Tanjungpinang, mejaredaksi – Tren kasus perlindungan anak di Kota Tanjungpinang, Kepulauan Riau, menunjukkan peningkatan signifikan sepanjang 2025. Data kepolisian mencatat sebanyak 54 kasus perlindungan anak, hampir dua kali lipat dibandingkan 2024 yang hanya berjumlah 30 kasus.
Kapolresta Tanjungpinang melalui Kombes Pol Hamam Wahyudi mengungkapkan bahwa dari total 54 kasus tersebut, baru 26 perkara yang berhasil diselesaikan, sementara sisanya masih dalam proses penanganan.
“Memang terjadi peningkatan kasus perlindungan anak. Tahun ini ada 54 kasus, namun yang terselesaikan 26 kasus,” ujar Hamam, Senin (29/12/2025).
Secara keseluruhan, Satreskrim Polresta Tanjungpinang menangani 238 kasus kejahatan sepanjang 2025. Dari jumlah tersebut, 88 kasus belum rampung dan dipastikan akan menjadi pekerjaan rumah pada 2026.
“Kasus yang belum selesai di 2025 akan dilanjutkan pada 2026. Kita pastikan tetap diselesaikan sesuai ketentuan hukum,” tegasnya.
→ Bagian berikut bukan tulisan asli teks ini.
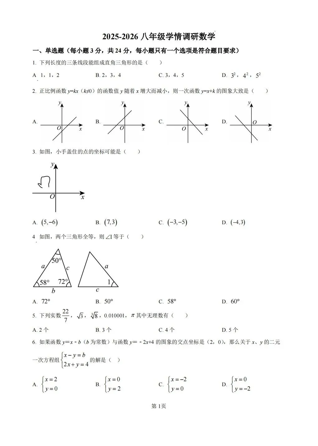 2026年1月徐州市东苑中学2025-2026学年八年级上学期月考数学试题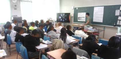 理科の学習です。月の満ち欠けについて、モニターの動画や教科書の資料を基に考えていました。教科書に載っているQRコードをタブレットに読み込んで資料映像を見ていました。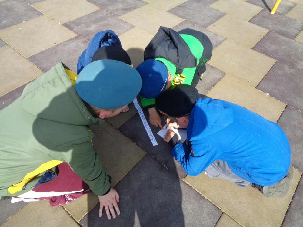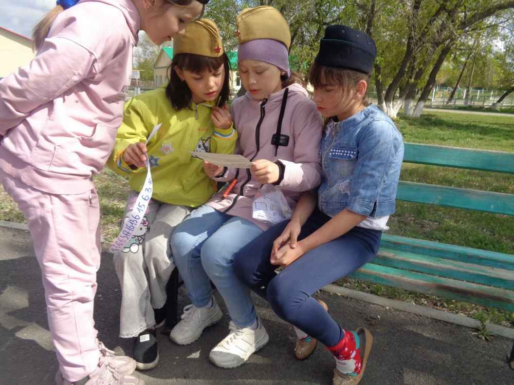 Первое испытание в квесте – «Марш-бросок». Надо было очень быстро отвечать на вопросы. Далее были испытания «Попади в цель», «Шифровальщик», "Сапёры". Команда девочек отвечала быстрее и слаженней и получила все части карты первой. По карте они нашли спрятанное знамя и победили в игре. Молодцы девчата! А мальчишки расстроились. Но ничего, у них ещё есть время отыграться.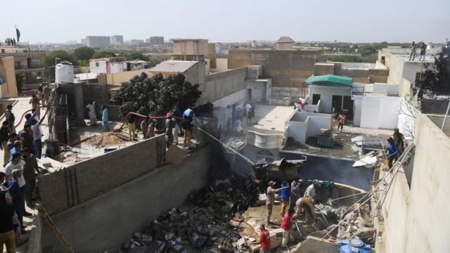 Свидетель катастрофы Мохаммед Узейр Хан рассказал Би-би-си, что услышал грохот и вышел из дома.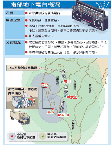 吳姓業(yè)者說(shuō),地下電臺(tái)發(fā)射塔多架設(shè)在高雄縣中寮山區(qū),這里有合法電臺(tái)發(fā)射塔,可利用合法掩護(hù)非法;其次高雄電信警察距中寮山約一個(gè)多小時(shí)車程,上山路況又不好,“執(zhí)法單位久久才會(huì)跑一趟”。
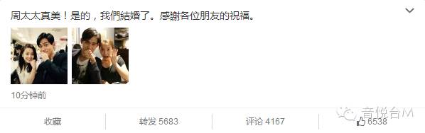 周渝民宣布自己结婚啦! 音悦台M 港台男星 2015-11-10 18:43:45 494 创作不易,用心坚持,欢迎请BaGua喝几杯爱心咖啡!打赏并支持本文 打赏并删除本文 就在刚刚周渝民发出一条消息:“周太太真美!是的,我們結婚了。感謝各位朋友的祝福。”并且晒出于太太的甜蜜合影,宣布自己已经结婚啦!周太太名叫喻虹渊,中国台湾女演员。曾经与仔仔一起出演过电视剧《痞子英雄》。这个消息来的太突然!粉丝们纷纷表示:“好震惊!要流着泪祝福男神!”大家一起来祝福两位百年好合吧~光棍节之前虐狗可还行~~ 创作不易,用心坚持,欢迎请BaGua喝几杯爱心咖啡!打赏并支持本文 打赏并删除本文 感谢您的支持鼓励,我会继续努力的!文章地址:用户邮箱:打赏金额:USDT 请输入数字点击”去打赏“,即可进行打赏支持本文章哦 About the Author 音悦台M 功能介绍:音悦台官方认证公众账号 www.yinyuetai.com 官方认证:北京宽客网络技术有限公司 Related Posts 13年后她们同框击掌互动,还记得2005年的那个夏天吗? 2018-12-19 17:16:50 维密除了令人血脉喷张的内衣走秀外,每年的表演嘉宾阵容竟然也这么强大! 2018-11-09 18:00:36 喵?李洪基张根硕又合作了!? 2018-04-26 18:41:58 有生之年还能看到SuperJunior 13人合体?!利特这样说... 2018-03-14 18:30:28 王菲和她的头号迷弟马天宇合唱了?快戳! 2018-03-06 18:20:46 发表评论

Selain perlindungan anak, sejumlah kasus kriminal lain juga mendominasi catatan kepolisian. Pencurian sepeda motor (curanmor) tercatat sebanyak 30 perkara, namun baru 15 yang berhasil dituntaskan. Kasus penganiayaan mencapai 30 laporan dengan tingkat penyelesaian 10 kasus.
Sementara itu, pencurian dengan pemberatan menunjukkan performa penanganan cukup tinggi dengan 25 kasus tuntas dari 27 laporan. Pencurian biasa tercatat 23 kasus (16 selesai), KDRT sebanyak 15 kasus (lima selesai), pengeroyokan 11 kasus, serta pornografi tiga kasus yang seluruhnya masih tertunggak.
“Yang belum selesai itu menjadi tunggakan kami dan wajib dituntaskan,” pungkas Hamam.
Lonjakan kasus ini menjadi cermin bahwa kejahatan tidak libur, meski kalender hampir berganti tahun. Tantangannya kini bukan hanya penindakan, tetapi juga pencegahan dan perlindungan nyata—terutama bagi anak-anak.